THE PROBLEM => Required from the data below: the exact lines starting at the line containing "1時間目の1年生は、先生の話" and ending at the line containing "The Scouts and", with both ends kept and all pictures dropped.

Entries taken from a collection
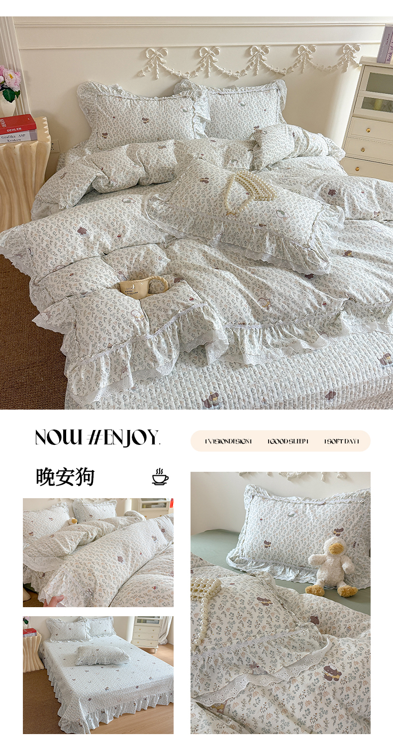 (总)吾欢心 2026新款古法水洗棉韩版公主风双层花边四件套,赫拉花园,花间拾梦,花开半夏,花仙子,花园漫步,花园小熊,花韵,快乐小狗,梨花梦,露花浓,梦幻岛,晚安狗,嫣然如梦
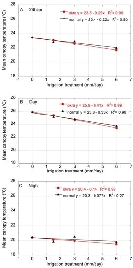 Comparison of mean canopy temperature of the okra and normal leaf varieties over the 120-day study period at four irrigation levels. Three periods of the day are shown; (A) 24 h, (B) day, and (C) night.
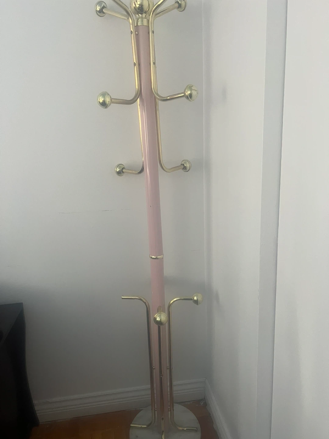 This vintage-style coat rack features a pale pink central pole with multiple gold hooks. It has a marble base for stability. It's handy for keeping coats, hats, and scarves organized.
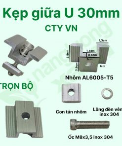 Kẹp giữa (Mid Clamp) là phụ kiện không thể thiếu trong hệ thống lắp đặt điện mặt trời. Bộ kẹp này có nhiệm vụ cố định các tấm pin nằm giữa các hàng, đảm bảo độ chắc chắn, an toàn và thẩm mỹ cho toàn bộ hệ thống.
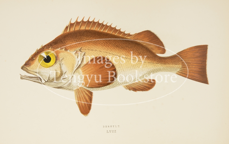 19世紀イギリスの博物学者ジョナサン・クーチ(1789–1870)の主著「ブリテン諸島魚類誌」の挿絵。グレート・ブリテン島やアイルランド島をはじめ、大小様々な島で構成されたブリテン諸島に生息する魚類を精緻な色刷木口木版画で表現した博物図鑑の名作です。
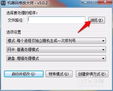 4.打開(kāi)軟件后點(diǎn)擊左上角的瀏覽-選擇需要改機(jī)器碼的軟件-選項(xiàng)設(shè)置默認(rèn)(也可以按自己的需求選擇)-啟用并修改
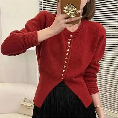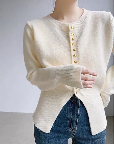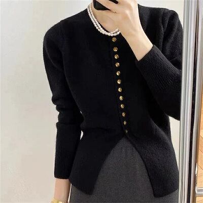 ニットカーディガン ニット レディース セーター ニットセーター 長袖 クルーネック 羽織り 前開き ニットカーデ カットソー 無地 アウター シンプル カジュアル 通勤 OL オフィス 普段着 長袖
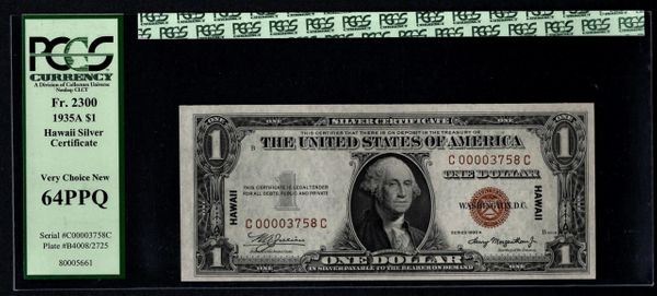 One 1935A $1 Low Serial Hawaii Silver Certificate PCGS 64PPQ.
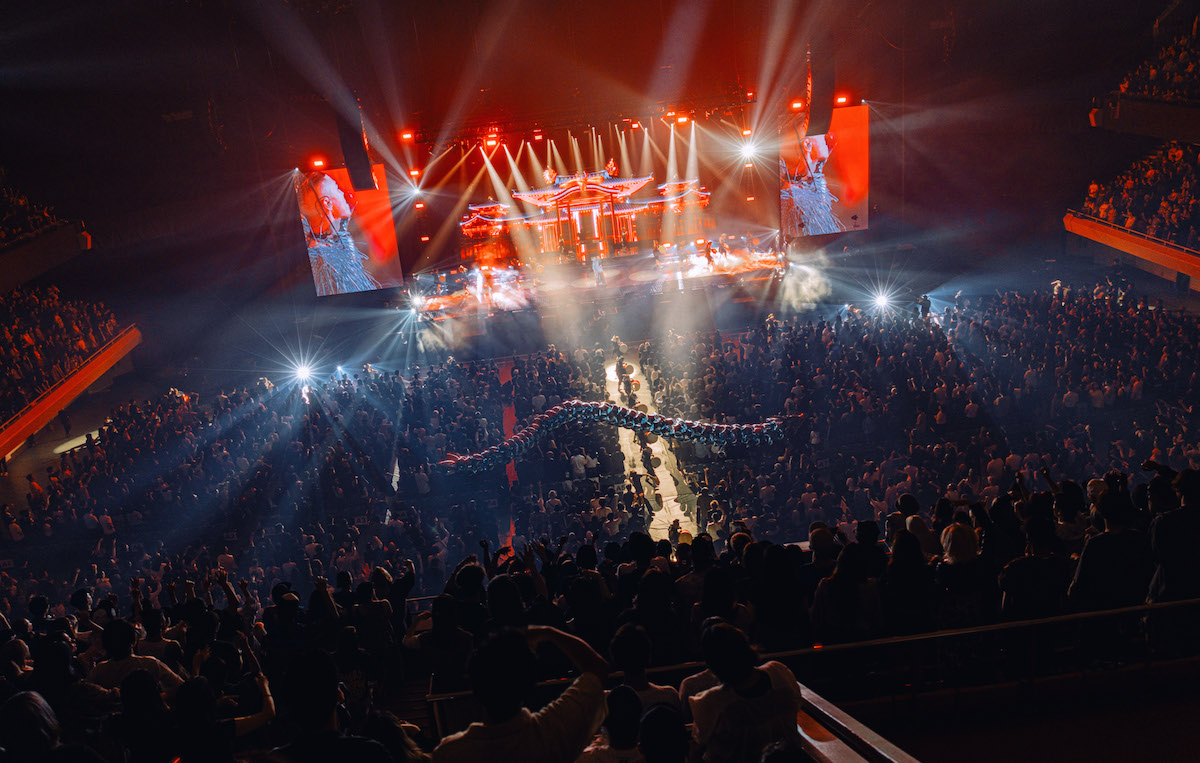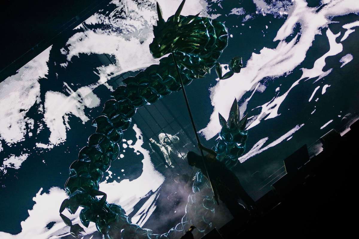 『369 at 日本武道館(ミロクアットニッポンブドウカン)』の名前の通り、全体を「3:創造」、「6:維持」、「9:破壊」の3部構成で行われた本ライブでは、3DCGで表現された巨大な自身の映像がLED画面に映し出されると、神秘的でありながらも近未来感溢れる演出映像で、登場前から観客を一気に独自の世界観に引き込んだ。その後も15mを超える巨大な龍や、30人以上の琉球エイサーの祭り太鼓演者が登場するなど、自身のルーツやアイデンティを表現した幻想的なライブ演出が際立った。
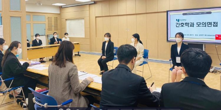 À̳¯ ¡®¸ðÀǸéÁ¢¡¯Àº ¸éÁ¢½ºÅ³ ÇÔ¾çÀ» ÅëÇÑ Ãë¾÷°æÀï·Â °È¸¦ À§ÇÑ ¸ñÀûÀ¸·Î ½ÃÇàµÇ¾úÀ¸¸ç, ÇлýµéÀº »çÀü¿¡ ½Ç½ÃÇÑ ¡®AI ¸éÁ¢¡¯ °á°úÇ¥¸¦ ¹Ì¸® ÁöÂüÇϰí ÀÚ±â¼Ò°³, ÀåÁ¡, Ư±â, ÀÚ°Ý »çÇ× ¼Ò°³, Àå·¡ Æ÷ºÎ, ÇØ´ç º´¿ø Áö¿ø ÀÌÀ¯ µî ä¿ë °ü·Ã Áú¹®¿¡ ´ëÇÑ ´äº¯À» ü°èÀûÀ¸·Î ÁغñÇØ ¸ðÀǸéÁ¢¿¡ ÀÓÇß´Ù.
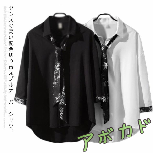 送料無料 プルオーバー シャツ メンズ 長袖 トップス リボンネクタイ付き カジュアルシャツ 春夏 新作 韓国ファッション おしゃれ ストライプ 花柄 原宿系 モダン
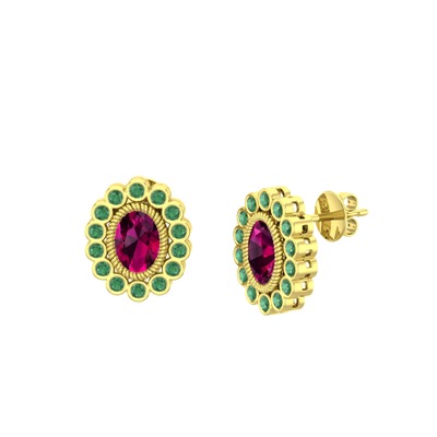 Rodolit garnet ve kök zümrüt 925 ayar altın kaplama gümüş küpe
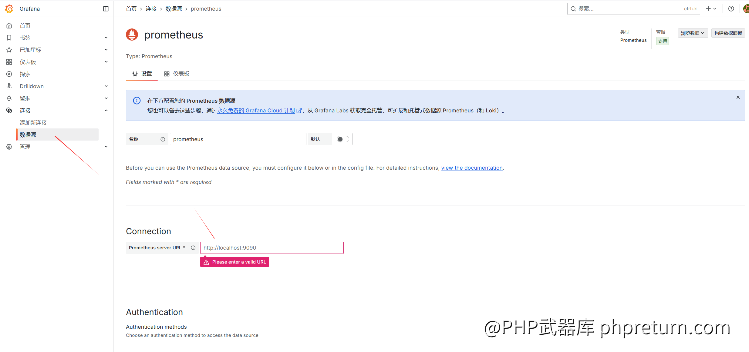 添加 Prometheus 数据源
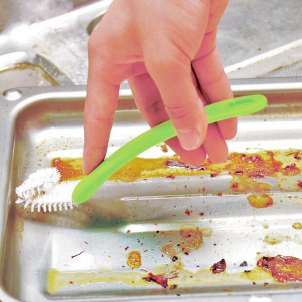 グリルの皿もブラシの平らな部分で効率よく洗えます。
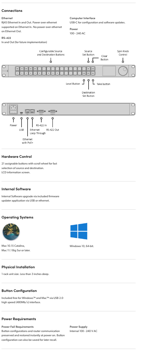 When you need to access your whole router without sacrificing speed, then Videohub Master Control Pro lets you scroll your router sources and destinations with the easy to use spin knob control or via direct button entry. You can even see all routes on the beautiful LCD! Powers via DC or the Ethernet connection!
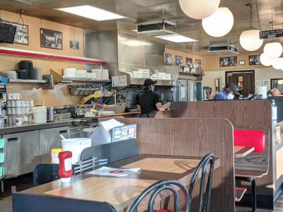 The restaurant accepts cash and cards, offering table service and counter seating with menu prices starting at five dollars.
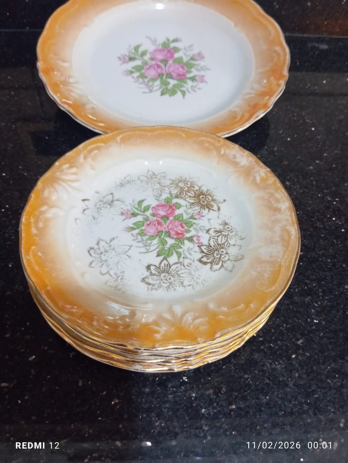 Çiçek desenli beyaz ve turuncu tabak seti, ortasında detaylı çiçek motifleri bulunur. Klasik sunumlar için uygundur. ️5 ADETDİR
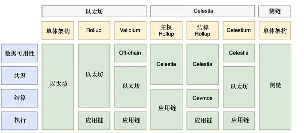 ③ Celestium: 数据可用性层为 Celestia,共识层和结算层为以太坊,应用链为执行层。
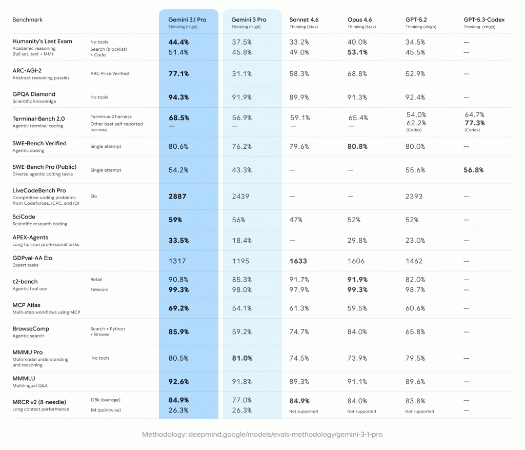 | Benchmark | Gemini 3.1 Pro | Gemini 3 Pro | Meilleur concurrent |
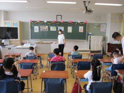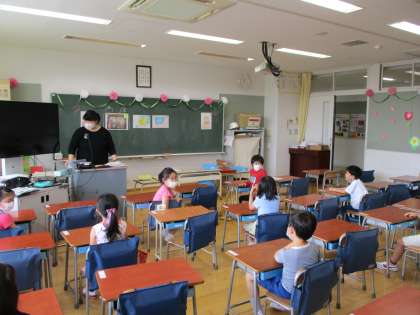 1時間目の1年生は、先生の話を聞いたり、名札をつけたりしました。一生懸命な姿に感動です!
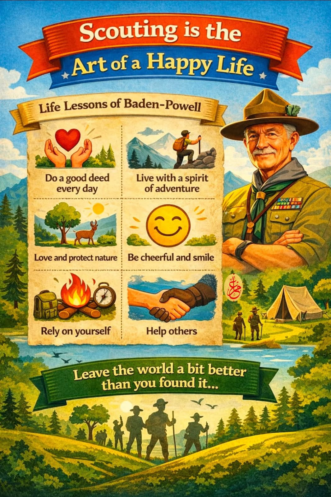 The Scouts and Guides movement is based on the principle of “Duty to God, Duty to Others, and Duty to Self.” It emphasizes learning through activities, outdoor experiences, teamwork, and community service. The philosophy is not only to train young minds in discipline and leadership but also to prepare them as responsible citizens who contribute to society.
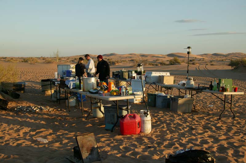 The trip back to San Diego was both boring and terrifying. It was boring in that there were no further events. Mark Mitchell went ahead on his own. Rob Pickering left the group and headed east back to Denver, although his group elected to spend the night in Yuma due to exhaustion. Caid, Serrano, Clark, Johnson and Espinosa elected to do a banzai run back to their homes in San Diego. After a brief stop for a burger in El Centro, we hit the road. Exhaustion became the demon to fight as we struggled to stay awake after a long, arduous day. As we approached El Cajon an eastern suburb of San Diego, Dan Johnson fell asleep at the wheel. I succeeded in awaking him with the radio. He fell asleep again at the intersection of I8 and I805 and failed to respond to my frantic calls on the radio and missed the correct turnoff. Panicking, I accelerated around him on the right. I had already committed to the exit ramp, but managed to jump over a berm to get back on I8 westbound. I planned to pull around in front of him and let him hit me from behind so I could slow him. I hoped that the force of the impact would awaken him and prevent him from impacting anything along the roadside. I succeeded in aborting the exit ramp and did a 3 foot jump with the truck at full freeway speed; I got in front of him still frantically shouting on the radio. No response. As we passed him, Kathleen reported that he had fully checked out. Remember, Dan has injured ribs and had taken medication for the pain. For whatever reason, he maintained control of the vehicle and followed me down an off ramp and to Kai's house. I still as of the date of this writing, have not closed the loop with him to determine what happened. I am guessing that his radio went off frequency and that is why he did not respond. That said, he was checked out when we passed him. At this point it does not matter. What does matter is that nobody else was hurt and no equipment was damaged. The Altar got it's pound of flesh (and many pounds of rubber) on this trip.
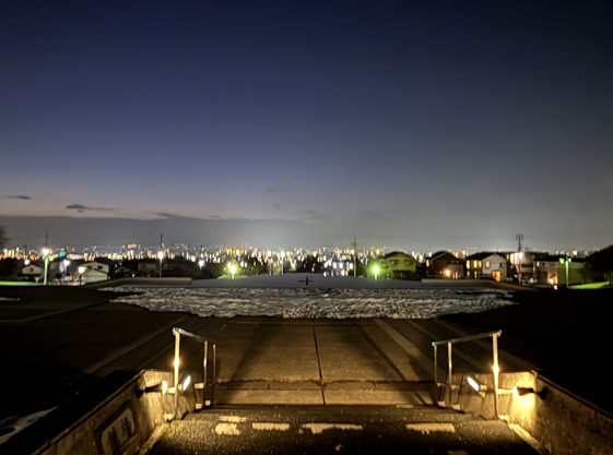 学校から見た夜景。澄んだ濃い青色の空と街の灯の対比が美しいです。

REPLY TO THE TASK =>
 1時間目の1年生は、先生の話を聞いたり、名札をつけたりしました。一生懸命な姿に感動です!
 The Scouts and Guides movement is based on the principle of “Duty to God, Duty to Others, and Duty to Self.” It emphasizes learning through activities, outdoor experiences, teamwork, and community service. The philosophy is not only to train young minds in discipline and leadership but also to prepare them as responsible citizens who contribute to society.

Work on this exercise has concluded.